• Exercise requirements:
Looking through the entries, count each line where the string "different" occurs, and write only the total.
====== Data supplied
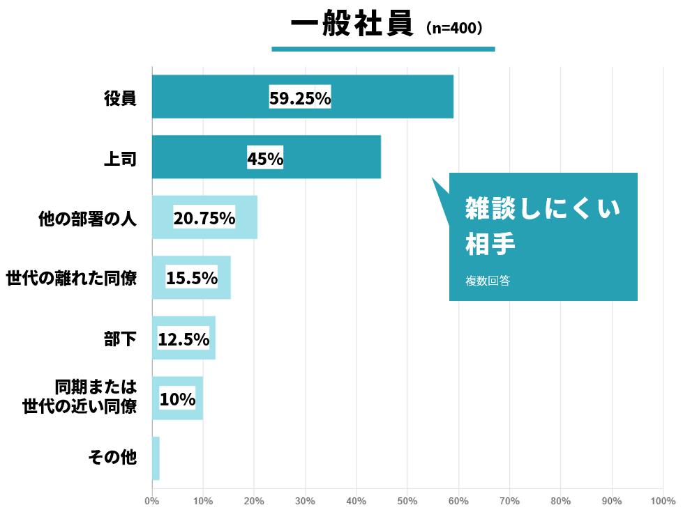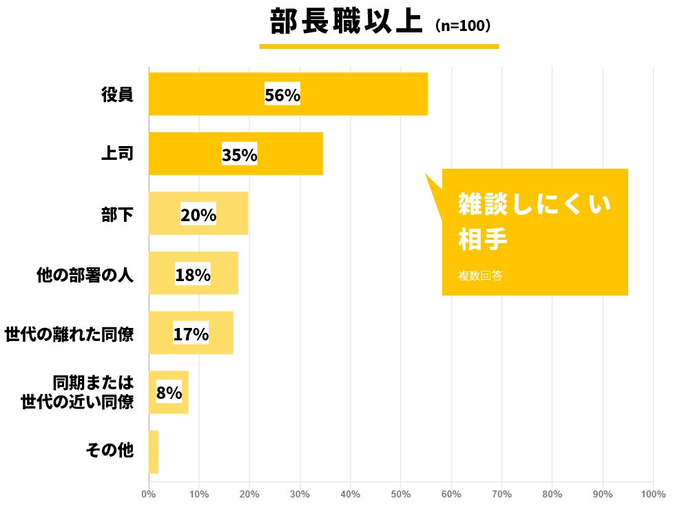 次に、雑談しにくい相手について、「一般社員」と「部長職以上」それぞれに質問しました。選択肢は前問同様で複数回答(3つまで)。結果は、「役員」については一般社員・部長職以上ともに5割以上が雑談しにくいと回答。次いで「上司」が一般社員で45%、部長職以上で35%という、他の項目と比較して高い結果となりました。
============
====== Data supplied
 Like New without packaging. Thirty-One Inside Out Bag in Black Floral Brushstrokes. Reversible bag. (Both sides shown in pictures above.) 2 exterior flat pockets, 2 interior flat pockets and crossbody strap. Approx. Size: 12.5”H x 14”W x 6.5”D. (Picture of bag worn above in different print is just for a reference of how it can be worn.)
============
====== Data supplied
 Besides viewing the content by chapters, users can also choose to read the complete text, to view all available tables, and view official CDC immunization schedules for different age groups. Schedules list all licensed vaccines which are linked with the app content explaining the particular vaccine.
============
• Your solution:
2